|
從1986年的《輓歌首部曲》(Elegy)開始,「輓歌」是蘇古諾夫創作中的一種特殊曲式,不只涵蓋了一系列《……輓歌》的紀錄片,同時也穿透在他其他紀錄片與劇情片裡;所表達的基調是一種來自里爾克(Rilke)《杜伊諾哀歌》(Duino
Elegies)的精神狀態:意即恐怖與極樂的同一宿命。
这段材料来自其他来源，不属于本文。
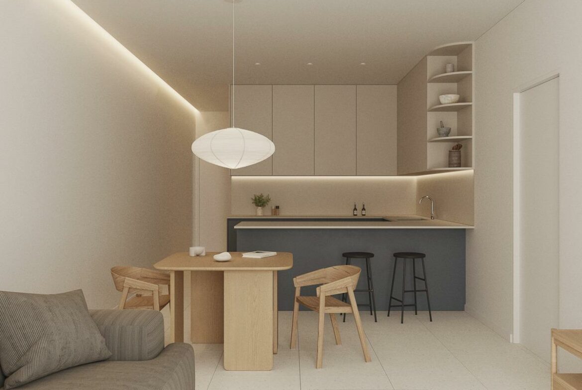 These apartments offer the choice between 1 or 2 bedrooms, each equipped with 2 bathrooms, including one en-suite. The open layouts are designed to maximize both space and natural light, prioritizing functionality and comfort. The development includes premium finishes such as security entrance doors, fitted wardrobes with textile finishes, aluminum carpentry featuring thermal breaks, and motorized shutters in the living room. The kitchens and bathrooms come with high-quality fixtures, including shower screens and built-in mirrors. Pre-installed ducted air conditioning provides a comfortable environment throughout the year.

儘管將近十部的「輓歌」,以及像《瑪莉亞》(Maria)、《甜蜜》(Dolce...)、《Confession》、《希特勒末日》(Moloch)、《創世紀》(Russian
Ark)、《太陽》(The Sun)等等這些非輓歌命名的影片,一再地展現著一種風格化的調性,然而,可能要一直到《生命輓歌》(Elegy of
Life: Rostropovich, Vishnevskaya),這曲式才得以被充分地彰顯,不論巧與不巧,唯有到這一部特別涉及音樂的紀錄片,我們才較能清楚地體會到迴盪在他作品中奇特的畫外獨白(monologue
with
over-voice)究竟藏匿著什麼樣的心靈。曲式與聲音在這部作品中的清晰度,讓我不得不在這裡重申,這部影片的重要性絕不僅是大提琴大師羅斯卓波維奇生前最後一部紀錄片,更為重要的是電影如何能再現音樂家的靈魂,如何能夠承載聲音的重量。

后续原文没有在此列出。